The method of obtaining the image to be detected in the above step S1 includes: using a terminal device such as a video camera, a video recorder or a color camera to photograph the target object to obtain the image to be detected; obtaining a pre-stored image to be detected, specifically for example: from a real-time video stream or from the video file in the file system to obtain the image to be detected, or obtain the image to be detected from the database, or obtain the image to be detected from the mobile storage device; use software such as a browser to obtain the image to be detected on the Internet, or Use other applications to access the Internet to obtain images to be inspected.

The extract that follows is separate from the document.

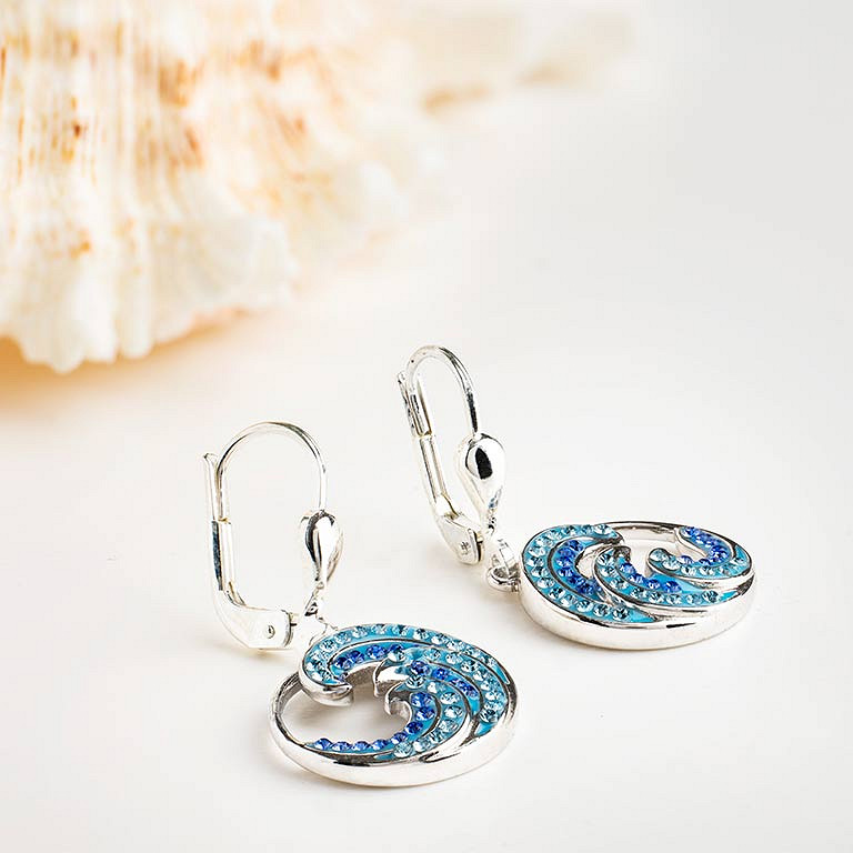 Sterling Silver Sapphire Aqua Crystal Wave Drop Earrings

In the embodiment of the present application, referring to the structural block diagram of the face density prediction and face detection model provided by the embodiment of the present application in FIG. 2 , using the feature pyramid residual block to extract the multi-scale features in the image to be detected further includes the following steps:

Step S2.1: In the first stage, a 3×3 convolution kernel is used to convolve the image to be detected, and the convolved image is sent to the feature pyramid residual block to extract features;

Step S2.2: In the second stage, multiple feature pyramid residual blocks are combined into a feature extraction network, and the features of the feature map output in step S2.1 are extracted;

Step S2.3: In the third stage, multiple feature pyramid residual blocks are combined into a feature extraction network to extract the features of the feature map output in step S2.2.

Specifically, for the feature pyramid residual block, refer to FIG. 4 for the structural block diagram of the feature pyramid residual block provided by the embodiment of the present application;

A 1×1 convolution operation is used to expand the number of channels of the feature map; the feature maps are equally divided into 4 groups in the channel direction, and the first group uses a 3×3 convolution kernel with a hole size of 1 to convolve the features of the first group , the second group uses a 3×3 convolution kernel of hole size 2 to convolve the features of the second group, and the third group uses a 3×3 convolution kernel of hole size 4 to convolve the features of the third group , the fourth group uses a 3×3 convolution kernel with a hole size of 8 to convolve the features of the fourth group; the 4 groups of features convolved by the convolution kernel are combined in order to form the first feature map, using 1 The convolution of ×1 performs feature fusion on the first feature map to form a second feature map; the feature map and the second feature map are added together.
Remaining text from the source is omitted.